Matteson in fact, said that he knew that the wondrous transformation that had happened in his life from the study of Transcendentalism, to the writing of Eden’s Outcasts, to the winning of the Pulitzer Prize and beyond, was not a series of random incidents. It was something that came from following his heart and the Spirit within him.
As I listened, I knew Matteson was telling and affirming my own story. I too have been transformed by my study of the Alcotts.
This blog began as a means of finding other people as interested as I was in Louisa May Alcott. I never intended to be a writer. Since this blog debuted in August of 2010, I have evolved to where I now state unequivocally that I am a writer and I mean to write a book. The problem was how. I could not get my head around the process. I was missing a key element.
The missing piece
The writing of a piece for my monthly column in the local Catholic newspaper about Pope Francis, plus my recent post here about finding solace in Louisa pointed out what was missing. And Matteson affirmed it. It was the heart.
Following the heart
The writing I’ve done that has garnered the most attention has been those pieces I write from the heart.

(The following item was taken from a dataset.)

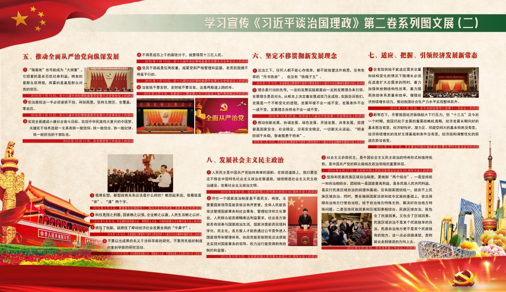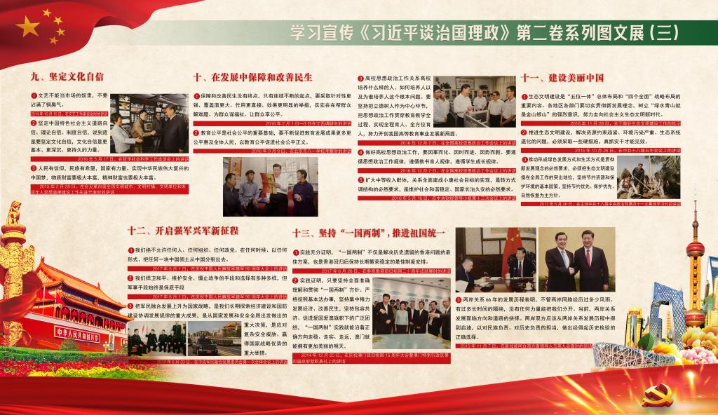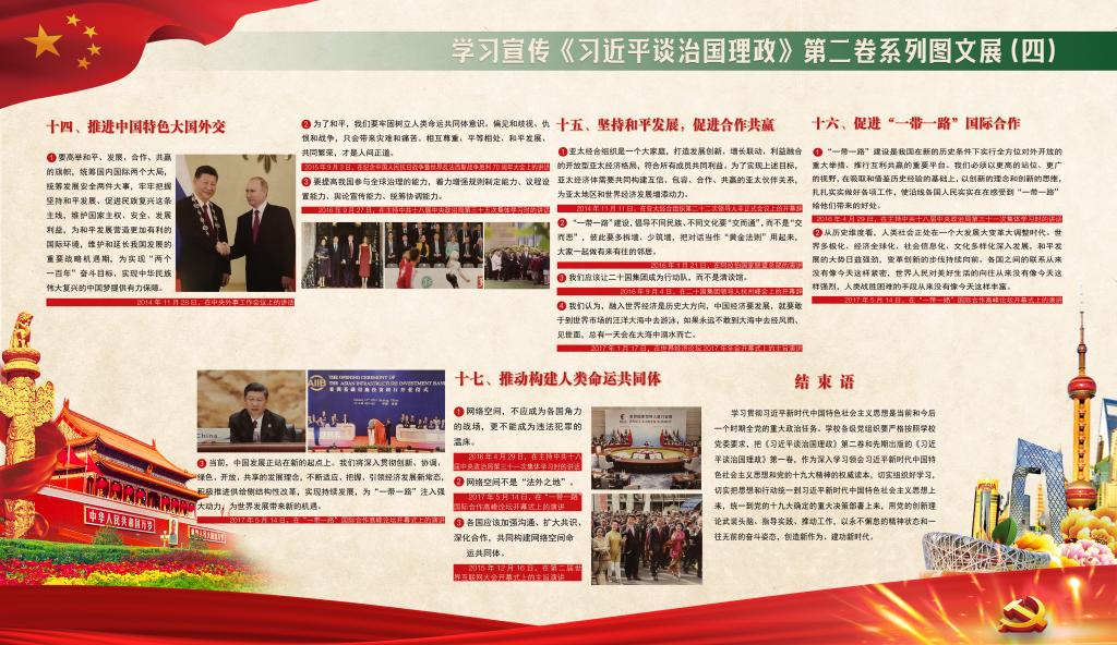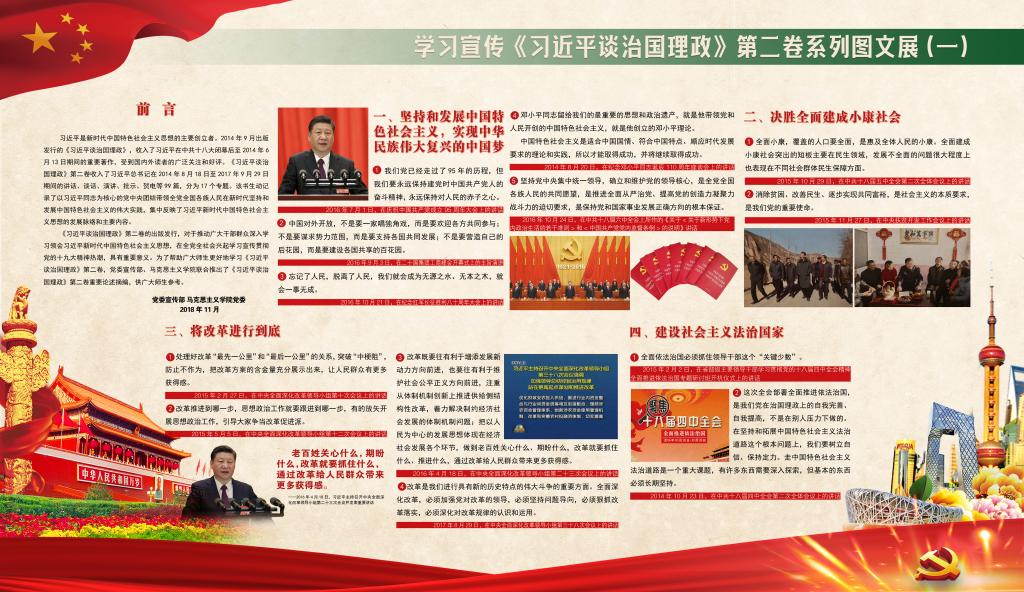 本次学习宣传《习近平谈治国理政》第二卷系列图文展共布置4块展板,内容涵盖坚持和发展中国特色社会主义,实现中华民族伟大复兴的中国梦;决胜全面建成小康社会;将改革进行到底;建设社会主义法治国家;推动全面从严治党向纵深发展;坚定不移贯彻新发展理念;适应、把握、引领经济发展新常态;发展社会主义民主政治;坚定文化自信;在发展中保障和改善民生;建设美丽中国;开启强军兴军新征程;坚持“一国两制”,推进祖国统一;推进中国特色大国外交;坚持和平发展,促进合作共赢;促进“一带一路”国际合作;推动构建人类命运共同体等十七个专题,生动记录了以习近平同志为核心的党中央团结带领全党全国各族人民在新时代坚持和发展中国特色社会主义的伟大实践,集中反映了习近平新时代中国特色社会主义思想的发展脉络和主要内容,充分体现了我们党为推动构建人类命运共同体、促进人类和平与发展事业贡献的中国智慧和中国方案。

I could not figure out though how to write about the Alcotts and also write from an intensely personal point of view.
Silly, right? It’s obvious how much I love the Alcotts!
Matteson’s own journey
Matteson described how writing Eden’s Outcasts was an intensely personal experience and I can see why, now knowing his background. He was very involved in fathering his daughter just as Bronson fathered his daughters. He could relate to Bronson, the father.
He also understood the spiritual underpinning of Bronson; he could relate to Bronson, the mystic. Eden’s Outcasts is not only biographical; it’s autobiographical.
A new journey
illustration by Flora Smith from The Story of Louisa May Alcott by Joan Howard
And I knew at that moment just how to approach my book which will feature Lizzie and Louisa front and center. My book will be biographical and autobiographical. There are many ways that I relate to both Alcott sisters.
I ran into Jan Turnquist, executive director of Orchard House both at the beginning and end of the evening at New North Church. We mentioned how wonderful the lecture was and I expressed my excitement at Matteson’s response to my question. She replied that I had given him a gift. And I knew I had.
My question may have been worth a million but the answer – priceless.